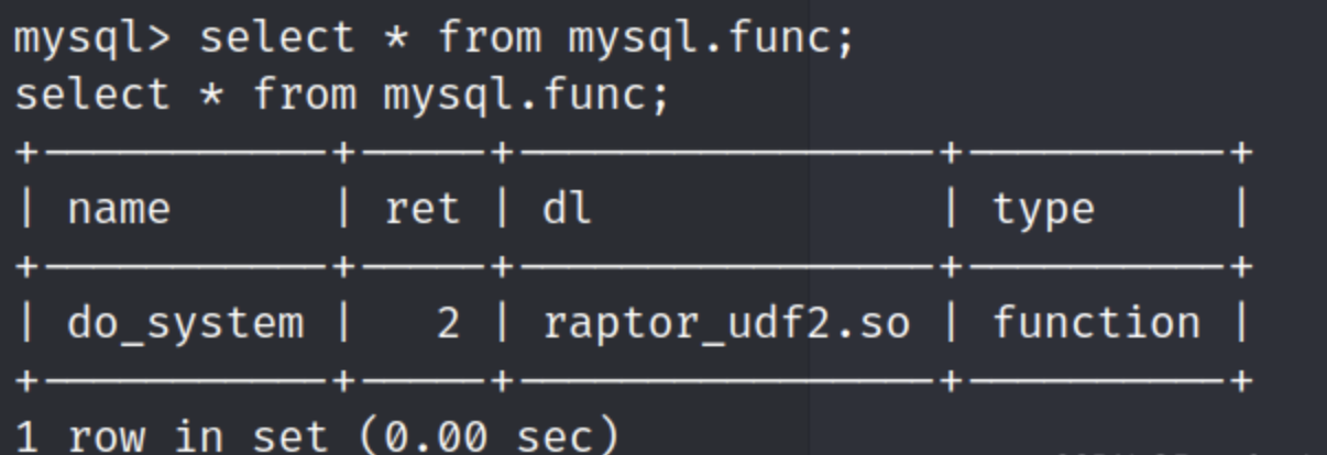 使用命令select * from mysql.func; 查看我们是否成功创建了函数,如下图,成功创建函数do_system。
---
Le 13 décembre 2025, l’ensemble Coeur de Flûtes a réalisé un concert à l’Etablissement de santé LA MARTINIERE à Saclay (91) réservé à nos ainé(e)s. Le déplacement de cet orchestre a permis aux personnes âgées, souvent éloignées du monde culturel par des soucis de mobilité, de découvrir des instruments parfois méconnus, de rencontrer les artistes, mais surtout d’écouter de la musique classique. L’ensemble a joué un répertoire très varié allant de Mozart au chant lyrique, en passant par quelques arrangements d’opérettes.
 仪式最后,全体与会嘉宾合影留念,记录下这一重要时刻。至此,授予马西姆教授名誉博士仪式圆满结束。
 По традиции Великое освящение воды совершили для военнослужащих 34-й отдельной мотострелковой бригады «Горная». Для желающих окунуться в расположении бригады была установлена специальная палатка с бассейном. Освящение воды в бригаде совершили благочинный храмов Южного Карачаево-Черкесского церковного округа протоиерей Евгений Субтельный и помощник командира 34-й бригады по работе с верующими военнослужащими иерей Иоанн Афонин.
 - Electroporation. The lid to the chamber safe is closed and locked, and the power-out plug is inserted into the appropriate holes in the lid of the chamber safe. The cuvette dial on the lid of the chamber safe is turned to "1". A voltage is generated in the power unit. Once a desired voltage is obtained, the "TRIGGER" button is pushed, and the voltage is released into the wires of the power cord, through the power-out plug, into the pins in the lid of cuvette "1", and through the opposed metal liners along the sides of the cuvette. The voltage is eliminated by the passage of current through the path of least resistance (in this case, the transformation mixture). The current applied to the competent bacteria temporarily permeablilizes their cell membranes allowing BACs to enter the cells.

TASK — After locating the line with "Le 13 décembre" in the material above, return it and each line after it exactly, ending at the line with "- Electroporation. The".

COMPLETED EXERCISE —
Le 13 décembre 2025, l’ensemble Coeur de Flûtes a réalisé un concert à l’Etablissement de santé LA MARTINIERE à Saclay (91) réservé à nos ainé(e)s. Le déplacement de cet orchestre a permis aux personnes âgées, souvent éloignées du monde culturel par des soucis de mobilité, de découvrir des instruments parfois méconnus, de rencontrer les artistes, mais surtout d’écouter de la musique classique. L’ensemble a joué un répertoire très varié allant de Mozart au chant lyrique, en passant par quelques arrangements d’opérettes.
 仪式最后,全体与会嘉宾合影留念,记录下这一重要时刻。至此,授予马西姆教授名誉博士仪式圆满结束。
 По традиции Великое освящение воды совершили для военнослужащих 34-й отдельной мотострелковой бригады «Горная». Для желающих окунуться в расположении бригады была установлена специальная палатка с бассейном. Освящение воды в бригаде совершили благочинный храмов Южного Карачаево-Черкесского церковного округа протоиерей Евгений Субтельный и помощник командира 34-й бригады по работе с верующими военнослужащими иерей Иоанн Афонин.
 - Electroporation. The lid to the chamber safe is closed and locked, and the power-out plug is inserted into the appropriate holes in the lid of the chamber safe. The cuvette dial on the lid of the chamber safe is turned to "1". A voltage is generated in the power unit. Once a desired voltage is obtained, the "TRIGGER" button is pushed, and the voltage is released into the wires of the power cord, through the power-out plug, into the pins in the lid of cuvette "1", and through the opposed metal liners along the sides of the cuvette. The voltage is eliminated by the passage of current through the path of least resistance (in this case, the transformation mixture). The current applied to the competent bacteria temporarily permeablilizes their cell membranes allowing BACs to enter the cells.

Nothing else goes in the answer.